Берк подчеркивает диалектичность символической коммуникации. Развивая ее логику, можно сказать, что на место гегелевского духа, самоотчуждающегося в опредмеченное инобытие, чтобы вернуться к себе обогащенным для-себя-бытием, подставляется человек. Вступая в коммуникацию с другим, человек снимает абстрактную всеобщность своей родовой субстанции и «опредмечивает» себя в другом, являясь и, одновременно, не являясь им. А затем, на стадии отрицания отрицания, возвращается к себе как к конкретной универсальности. Таким образом, в коммуникативных актах индивид посредством другого индивида как носителя той же самой «субстанции» родовой сущности приходит ко все более глубокому постижению себя, к самореализации (greater self-realization).
Формула этого диалектического процесса - инверсированное двойственное формирование индивида (the reversed ambiguous derivation) в процессе коммуникации13. Каждый участник коммуникации схватывает в другом «самого себя» (как репрезентацию, как конкретность общности). Другой служит воплощением, «зеркалом» (как сказал бы Маркс) родовой сущности индивида для него самого.
В этом смысле метафора есть спонтанное внутреннее родство двух, открывающееся им через друг друга, или, по словам часто цитируемого Берком Элиота, поэтический акт есть «акт слияния» (fusion). А группа функционирует как распространенная метафора с общим «третьим термином» коллективной формы (формообразующего
12 Ibid.: 33.
13 Ibid.: 38.
мотива). И тогда поэтический текст - не просто ритмизированная проза, которая содержит повышенную плотность поэтических фигур речи, как булка изюм. Поэтически текст обнажает сам исходный принцип социальной связности.
Новый свет на эти взгляды, шокировавшие многих современников Берка своей междисциплинарностью, проливает концепция поэзии как символического обмена Жана Бодрийяра. Французский философ радикальным образом переосмысливает соссюровское «открытие языка» в качестве автономной структуры. Он смещает центр тяжести этого открытия с дифференциальных признаков (бинарных оппозиций) на феномен анаграммы как организующего язык принципа. Анаграмма - это некое сакральное имя (бога или героя), которое как бы «зашифровано» в древней поэзии (от ритуальных гимнов до сатурнийских стихов), разнесено в поэтическом тексте по буквам, постоянно повторяется в виде слогов и их инверсий и этими повторами связывает стих в единое целое. Феномен анаграммы, пишет сам Соссюр, состоит «в том, чтобы подчеркнуть некоторое имя, некоторое слово, стараясь повторять его слоги и придавая ему тем самым как бы второе бытие искусственное, как бы прибавочное по отношению к слову-оригиналу»14. Например, имя Agamemnon явственно слышится в одном античном стихотворении в словах aasen, argaleon, anemon, amergatos, autme. Эти слова образуют своеобразный стержень поэтического текста, на который нанизываются остальные слова. Это наглядно демонстрирует, в каком смысле можно понимать берковское «телескопирование» - раздвижение слова на поэтический ряд слов, которые образуют развернутую метафору с общим сакральным «третьим термином».

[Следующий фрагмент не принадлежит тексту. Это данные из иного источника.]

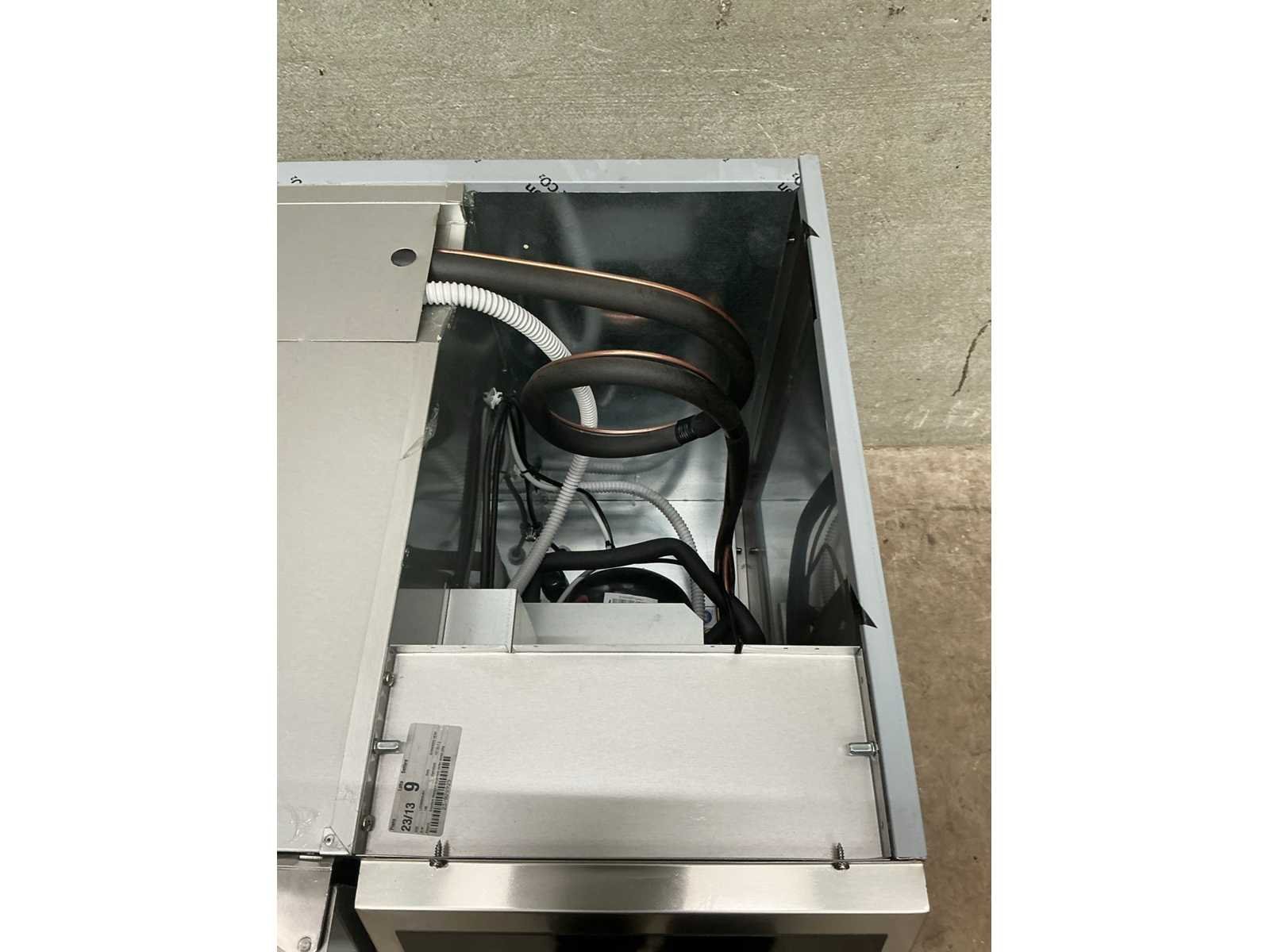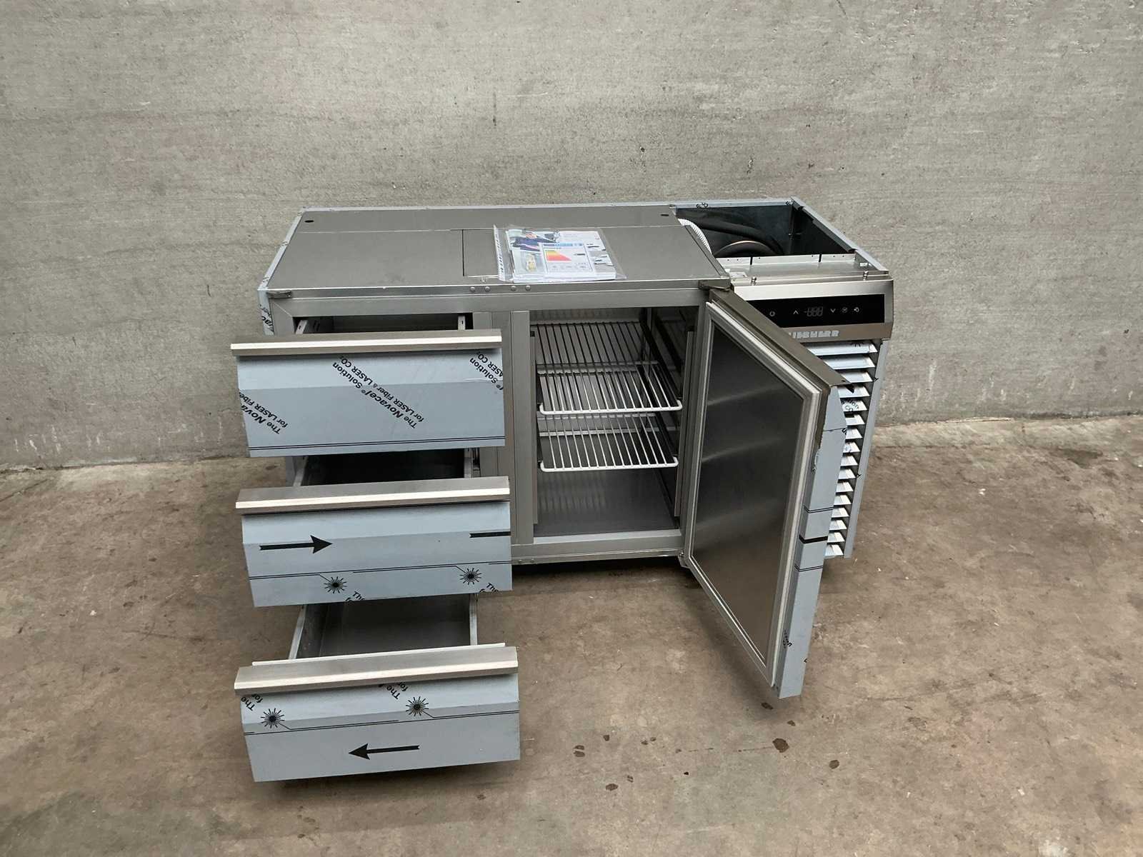 Ongebruikte rvs koelwerkbank, voorzien van 1 klapdeur, 3 laden en 3 in hoogte verstelbare roosters Merk: Liebherr Type: FRTSvg 7552 Totale afmeting L: 130cm Totale afmeting Breedte: 68cm Totale afmeting Hoogte: 81cm Digitale uitlezing: true Ingebouwde koelcompressor: true Rvs: true Aansluiting: 230V Aantal laden: 3pcs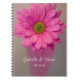 Customize the pretty Pink Gerber Daisy in Vase Wedding Spiral Notebook with the personal names of the bride and groom and date to create a one of a kind planner, advice book for the newlyweds or guest book for their marriage ceremony. This cute customized flowery nuptial note book features a digitally painted floral photograph of a pink gerbera daisy flower blossom in a glass vase. Unique inspo or idea for an elegant garden party celebration event.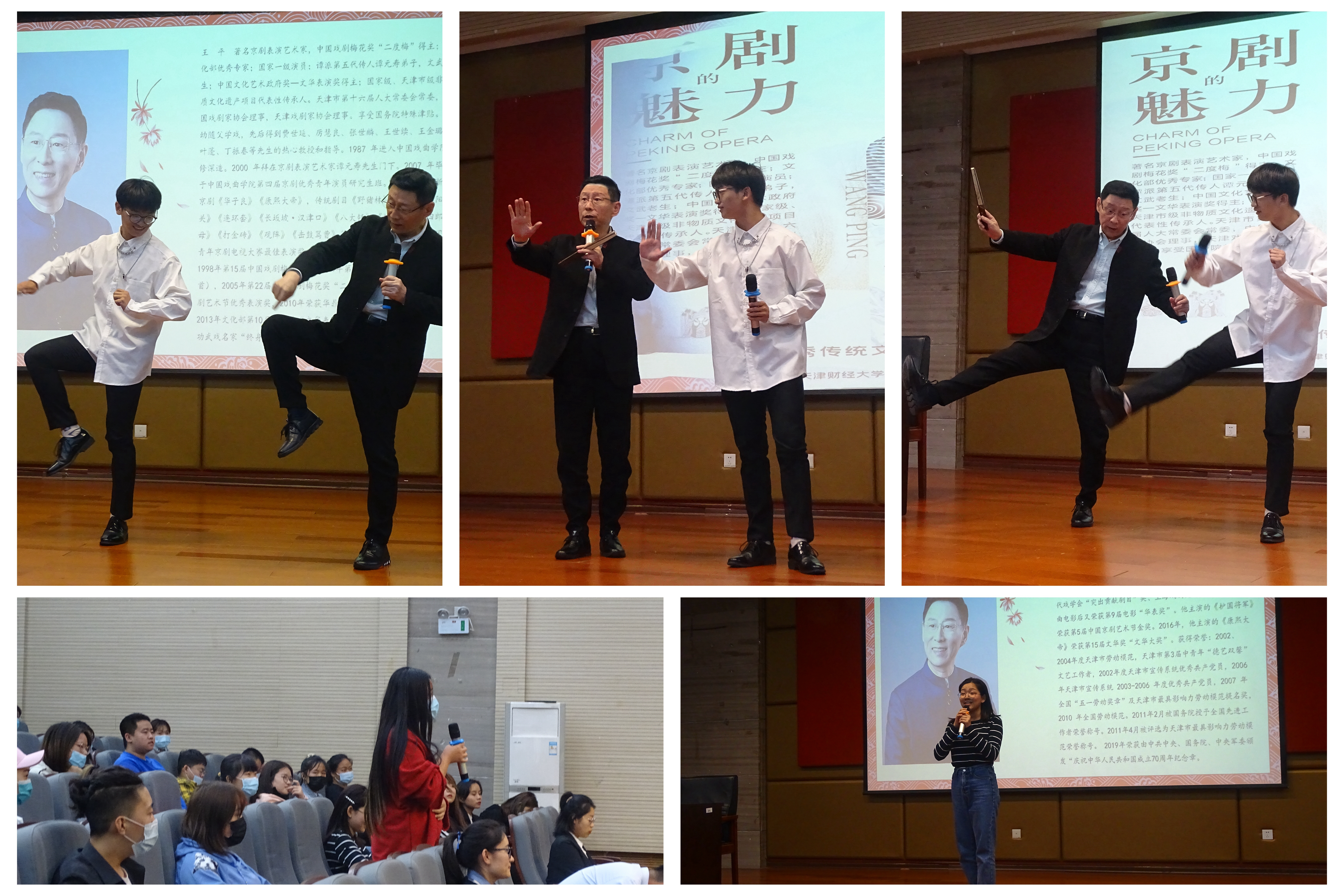 王平老师围绕“普及京剧知识”“创新传承发展”主题展开讲座,理论讲授与现场表演相结合。在表演方面,他认为应注重塑造人物精神气质,善于运用武技绝活;在创新方面,他坚持要讲究“移步不换形”,不盲目创新,丢掉戏曲本质的东西;在传承方面,他强调了勤学苦练的重要性:一天不练自己知道,两天不练同行知道,三天不练观众知道。为了让同学们更深刻地感受京剧魅力,王平老师现场表演解疑答惑,他醇厚的唱腔,娴熟的动作,引得台下师生掌声不绝、叫好声不断。同时,我院戏曲社同学们登台献唱,王平老师进行耐心细致讲解与点评,讲座结束后,同学们表示收获颇丰,纷纷与王平老师合影留念。

Стих не «воспроизводит» имя Агаменона, подчеркивает Бодрий-яр, но придает ему «второе бытие». Ибо имя бога, его символическое тело в поэтическом тексте подвергается «расчленению», «рассеянию» и «уничтожению»: «Здесь имеет место эквивалент умерщвления бога или героя при жертвоприношении - в плане означающего, в плане имени, которое его воплощает. Только будучи расчленен, дезинтегрирован жертвенной гибелью (а иногда и физически растерзан и съеден), тотемный зверь, бог или герой циркулирует далее как символический материал для интеграции группы [курсив мой. - А. Г. ]».
14 Цит. по: Бодрийяр Ж. Символический обмен и смерть. М.: Добросвет, 2000. C. 328.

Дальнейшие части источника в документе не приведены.